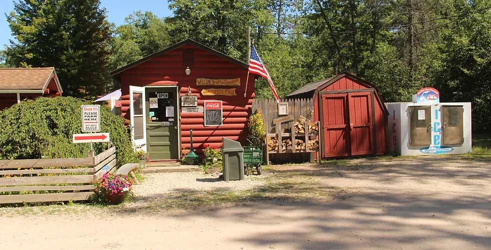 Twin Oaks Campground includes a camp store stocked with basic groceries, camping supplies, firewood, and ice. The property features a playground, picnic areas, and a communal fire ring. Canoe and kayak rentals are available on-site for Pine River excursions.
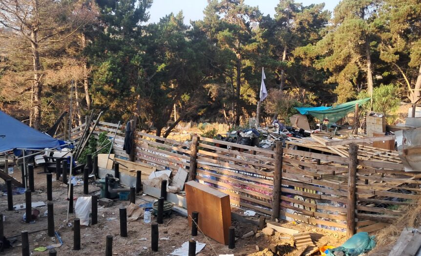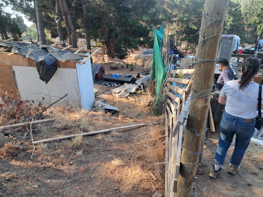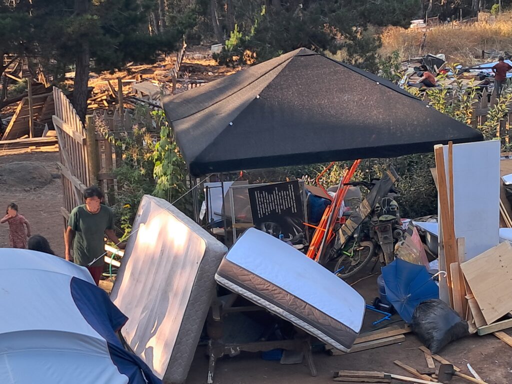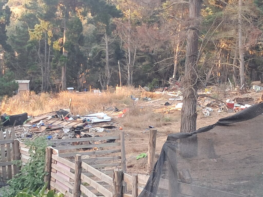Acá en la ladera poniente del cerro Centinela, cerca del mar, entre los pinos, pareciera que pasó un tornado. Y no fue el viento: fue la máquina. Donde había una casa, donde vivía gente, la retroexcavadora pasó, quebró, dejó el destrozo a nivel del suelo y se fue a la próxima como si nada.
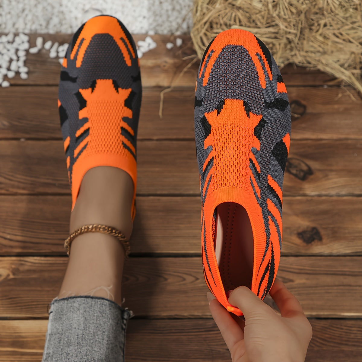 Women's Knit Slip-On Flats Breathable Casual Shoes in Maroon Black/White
--
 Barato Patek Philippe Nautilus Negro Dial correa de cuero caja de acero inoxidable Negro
...
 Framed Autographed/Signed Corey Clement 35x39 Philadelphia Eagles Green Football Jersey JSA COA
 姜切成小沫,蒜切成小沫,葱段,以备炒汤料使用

### Your task
Exactly reproduce the lines above, starting at the one that contains "Acá en la ladera" and ending at the one that contains "Women's Knit Slip-On", both inclusive; leave the pictures out and add no other lines.

### Answer for the task
Acá en la ladera poniente del cerro Centinela, cerca del mar, entre los pinos, pareciera que pasó un tornado. Y no fue el viento: fue la máquina. Donde había una casa, donde vivía gente, la retroexcavadora pasó, quebró, dejó el destrozo a nivel del suelo y se fue a la próxima como si nada.
 Women's Knit Slip-On Flats Breathable Casual Shoes in Maroon Black/White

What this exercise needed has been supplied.